BTW, Cook's Illustrated had an article about these vs. good ol' parchment. They said that silicone mats are nice, but if you don't have them, parchment works well. I say it depends on what you're doing. If you do sugar work, there's no substitute. If you are simply baking cookies, parchment will work. The only thing is that if you use a lot of parchment, that adds up in terms of cost and waste. Don't get the thin ones, or the ones you cut to size. They are just too flimsy no matter what you pay. Exopat or Silpat (or other thicker mats) are fine. I love mine, but had a weird experience with almond macaroons: the batter stuck to the mats!!! I may have removed the macaroons too soon and not let them cool enough, or not baked them long enough. I switched to parchment and waited a few minutes before removing them; they came out fine.


----------



## jock (Dec 4, 2001)

Thank you  

Jock


----------



## mymilkexpired (Nov 16, 2004)

I noted that when making ginger snaps that the dough spreads more during the inital cooking when compared to using parchment... 

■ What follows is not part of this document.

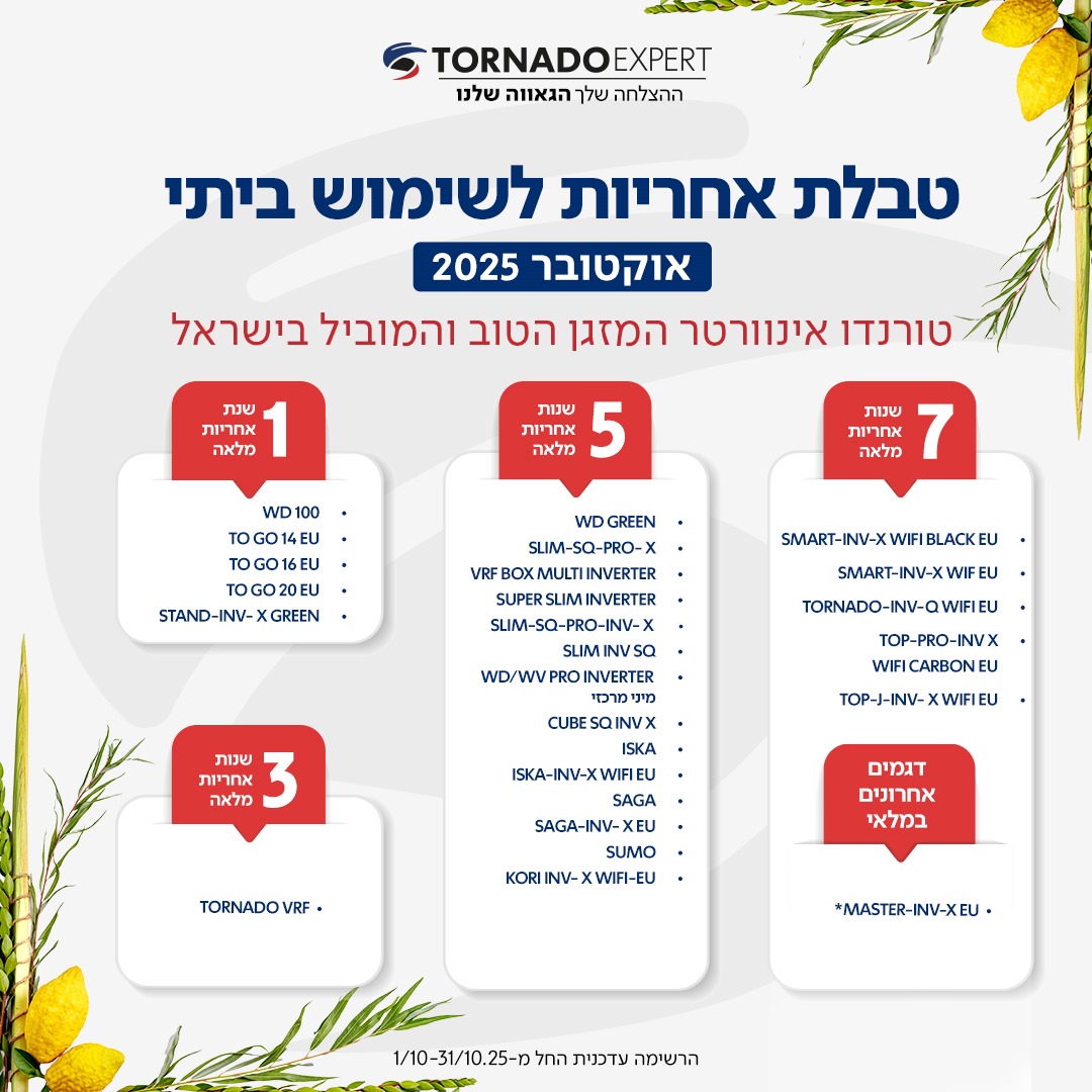 אחריות מזגני טורנדו Tornado |

I honestly havent used it to much since i tend to make breads more than anything else...


----------



## london dry (Jun 5, 2011)

i have been making almond macs for a few months now and was having problems(intermitently)with sticking. sometimes just allittle bit would stick but the result would be a unexceptable bottom. also too much care would have to be taken to peel the cookie off. what i am doing to correct this is too bake the cookie longer at a lower temp making for a crispy bottom (drier) and a top which is not overdone-I also make sure all the ingredients  are finely particulant(no globs) and whites are not dry.used silipat and the cookie peeled comparitively easier than with the parchment.im still experimenting but feel im almost there.


----------



## panini (Jul 28, 2001)

after baking lift one corner and drop a little bit of water. The steam will release the cookies.


----------